田崎晴明著・「統計力学Ⅰ」の内容のギモン点、先生直々コメント!

「統計力学Ⅰ」(培風館)の著者である田崎晴明先生は東京大学卒で現在、学習院大学教授の物理学の権威の方です。

その「統計力学Ⅰ」の注釈の中から理解ができない点があるとのギモンの声が挙がっていたので、紹介したいと思います。

この注釈の内容は次の通りです。

同著に物理量の次元を考える上で指数関数の引数は、必ず無限大になるというのは理解できますが…

しかし、「対数の引数は必ず無次元になるとはいえない」という点がわからないとのでした。

 

どうしてこのようなものになったのかというギモン点に、田崎晴明先生から直々にアドバイスがありました。

「まずはじめに、まともな物理の関係式でA=exp(B)

というのがあったとしたら、本に説明した理由によりBは無次元となります。

これをひっくり返せば、B=log(A)

ですから、この場合はログの引数Aも無次元になります。

しかし、ここでA=CDと書いて、しかもCとDが次元を持っているということは可能です。

ということで、上の式はB=log(C)+log(D)となります。

ちゃんと左辺は無次元と言えますが、ログの中身は次元を持っている。

これは別に悪い計算でもありません。

ぼくの方の本の先をご覧になると、これに相当することをやっている部分がたくさんあるはずです。

『対数の引数も無次元にしたほうが見通しがいいから、なるべくそうしよう』と考えるひともいるかと思われます。

それはひとの好みがわかれるところなので、趣味によるかと考えられます。

ただし、引数関数の場合と違い、別に引数を無次元にすることをこだわらずにしても、ちゃんとした関係は書けるといえますよ。

そして問題としているのは、わりと抽象的な物理の理論での話となっています。

そのような場面では、次元のある物理量を扱うときにも単位を特定とせずに、物理量の中に単位が含まれるとしたら、

たとえばL=0.1m=1.0㎝=100mmのように使います。

というわけで、『単位をはぎ取る』という場合には同じ次元を持った、適切な量を選んでそれを割る必要が出てきます。

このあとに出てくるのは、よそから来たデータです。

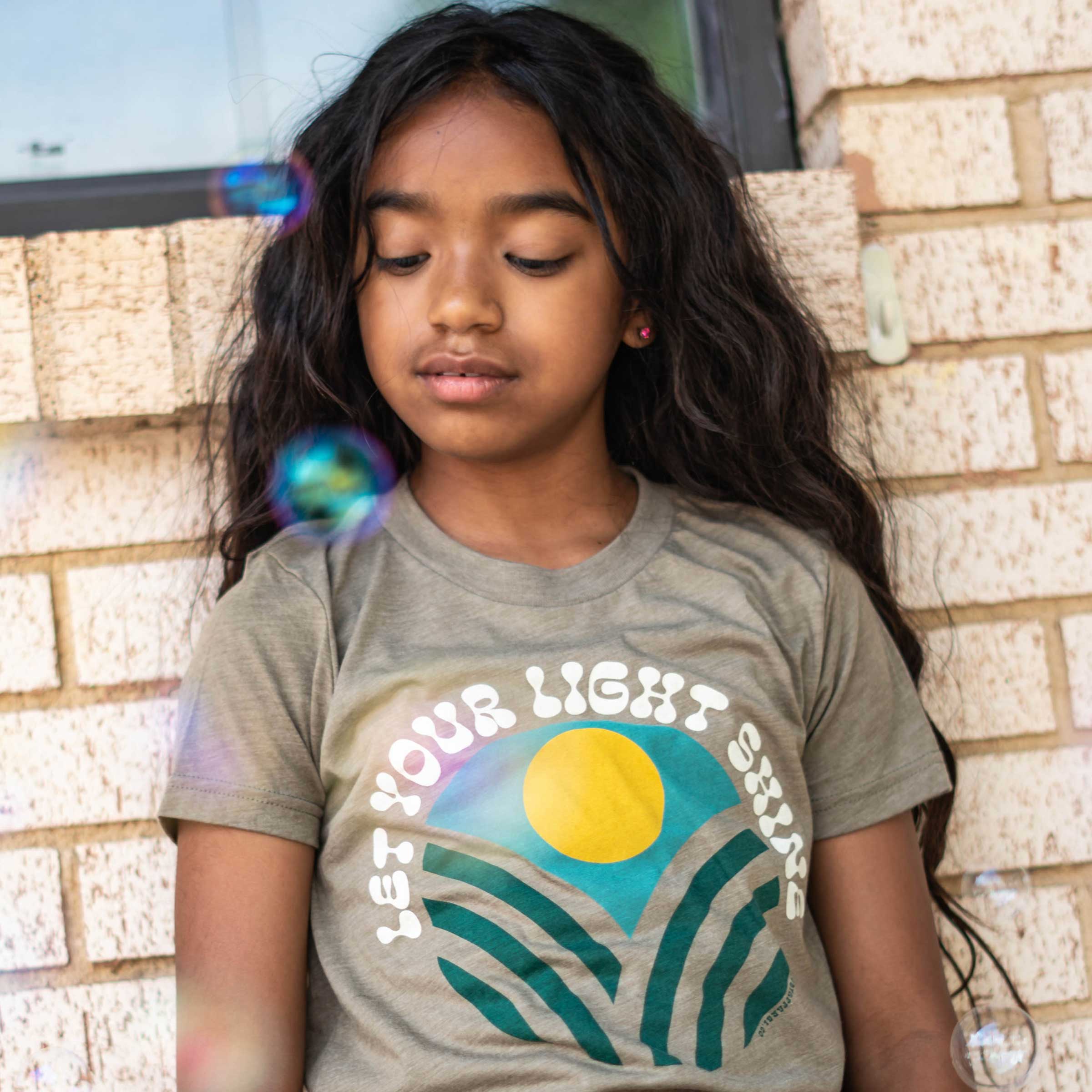 Let Your Light Shine. Super soft triblend tee (50% polyester / 25% cotton / 25% rayon). Youth tees fit to the below sizes: YS - 6-8 YM - 9-10 YL - 11-12 All of our apparel is hand printed in our shop using only high quality, non-toxic inks!

次元のある量を対数の引数にしても、何も困らないということです。

一貫してきちんと計算する限り、次元にかかわる矛盾は一切出てこないというわけになります。」

 

という、田崎晴明先生直々の考えを教えていただきました。

このような機会はあまり見られないので、とても貴重な場面だったのではないでしょうか。